**DATA RECORDS:**
:::

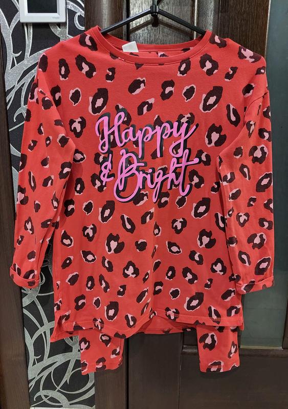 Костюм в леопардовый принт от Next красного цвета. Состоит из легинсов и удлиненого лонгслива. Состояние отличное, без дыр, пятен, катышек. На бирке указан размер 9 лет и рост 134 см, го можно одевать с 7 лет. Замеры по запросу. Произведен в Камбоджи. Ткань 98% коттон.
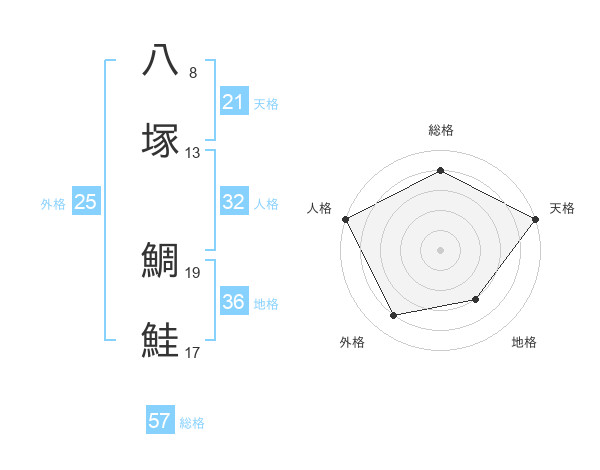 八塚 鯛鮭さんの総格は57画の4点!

:::

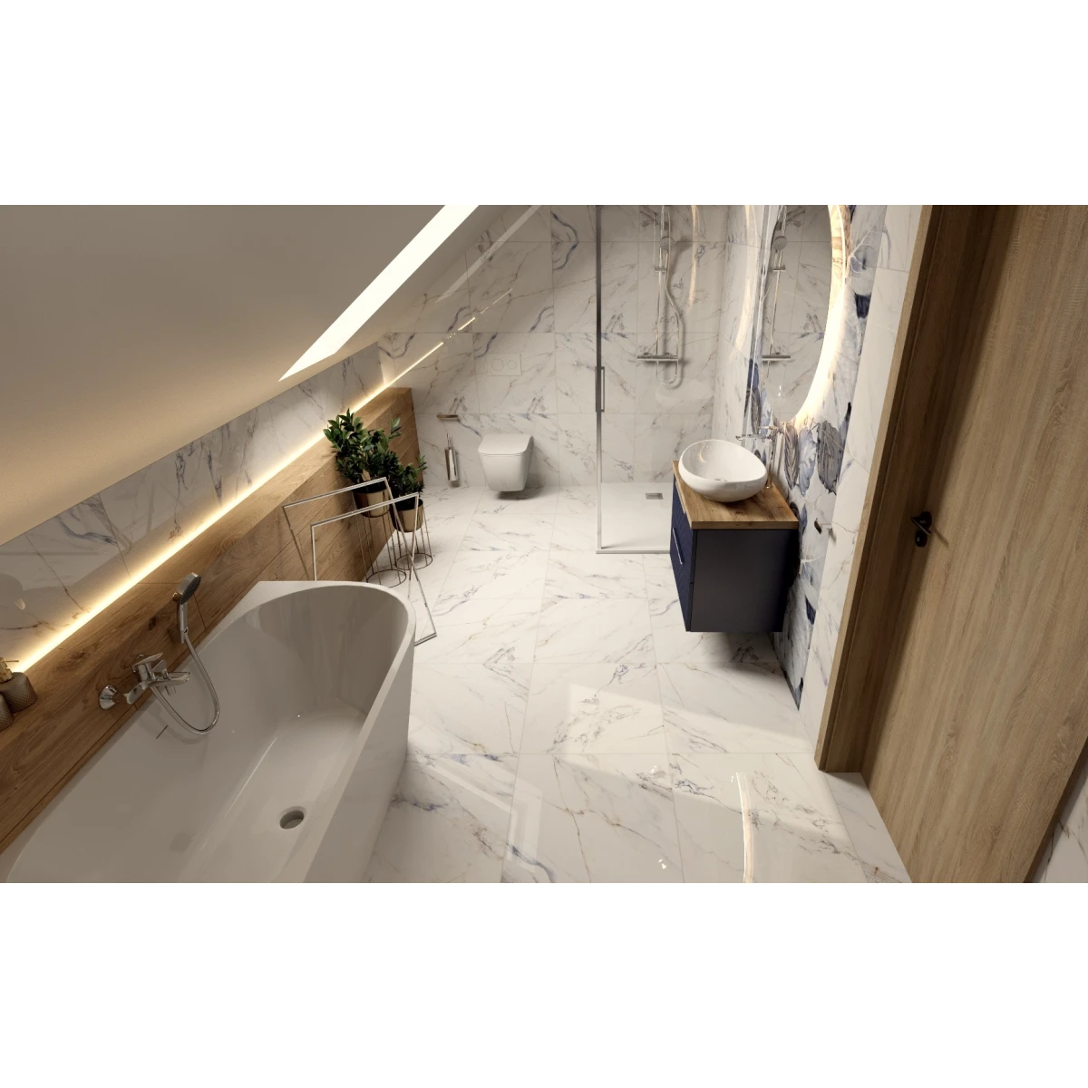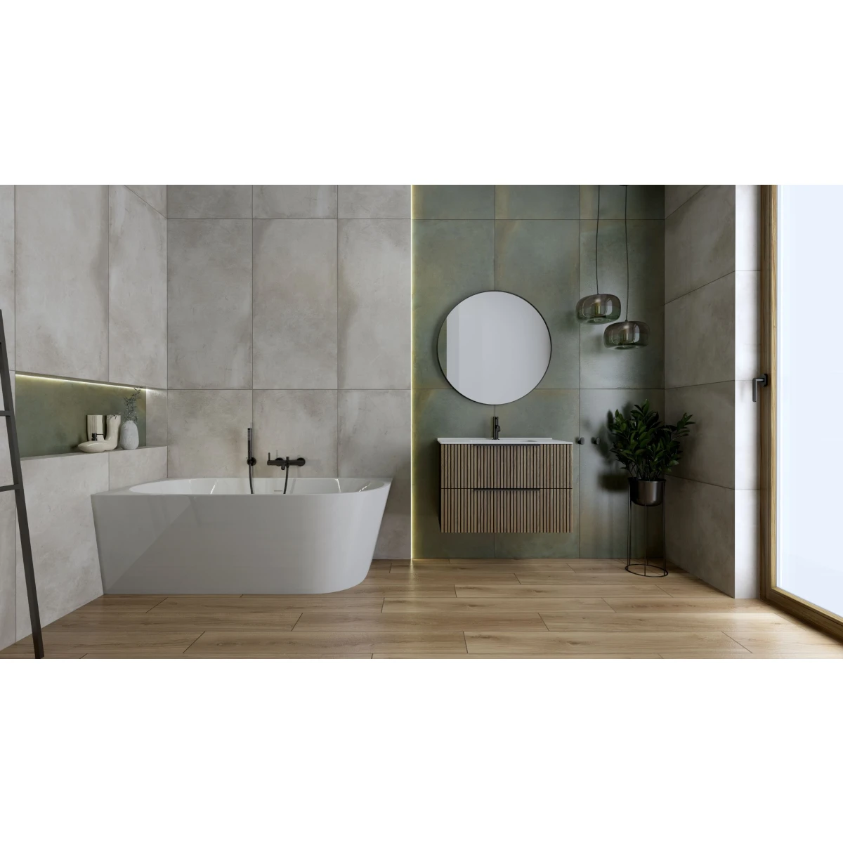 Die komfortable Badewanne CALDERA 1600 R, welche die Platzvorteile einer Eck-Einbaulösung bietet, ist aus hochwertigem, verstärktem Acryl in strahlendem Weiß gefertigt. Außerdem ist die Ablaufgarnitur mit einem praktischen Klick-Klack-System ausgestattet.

:::

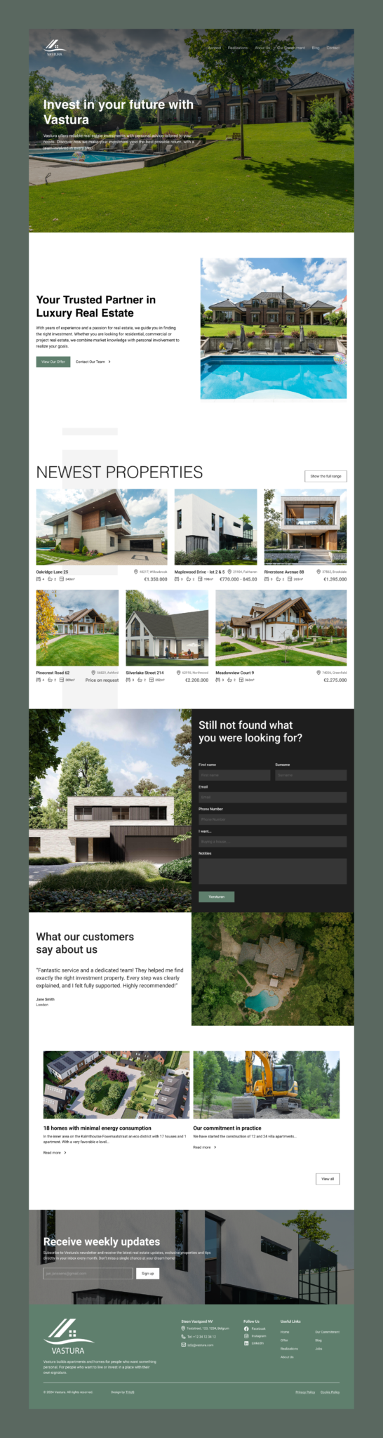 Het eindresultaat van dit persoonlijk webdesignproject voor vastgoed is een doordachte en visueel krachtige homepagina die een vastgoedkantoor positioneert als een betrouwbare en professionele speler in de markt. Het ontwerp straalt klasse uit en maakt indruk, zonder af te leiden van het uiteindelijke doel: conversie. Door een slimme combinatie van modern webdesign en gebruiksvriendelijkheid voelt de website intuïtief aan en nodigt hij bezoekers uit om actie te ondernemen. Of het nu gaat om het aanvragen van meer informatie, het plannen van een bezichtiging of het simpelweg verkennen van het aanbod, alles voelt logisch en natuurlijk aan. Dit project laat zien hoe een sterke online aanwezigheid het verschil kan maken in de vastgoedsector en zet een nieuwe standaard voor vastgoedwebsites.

:::

**EXERCISE BRIEF:** Quote the lines above exactly, starting with the one that has "Костюм в леопардовый" and ending with the one that has "八塚 鯛鮭さんの総格は57画の4点!"; drop the pictures and include nothing else.

**RESULT OF THE EXERCISE:**
 Костюм в леопардовый принт от Next красного цвета. Состоит из легинсов и удлиненого лонгслива. Состояние отличное, без дыр, пятен, катышек. На бирке указан размер 9 лет и рост 134 см, го можно одевать с 7 лет. Замеры по запросу. Произведен в Камбоджи. Ткань 98% коттон.
 八塚 鯛鮭さんの総格は57画の4点!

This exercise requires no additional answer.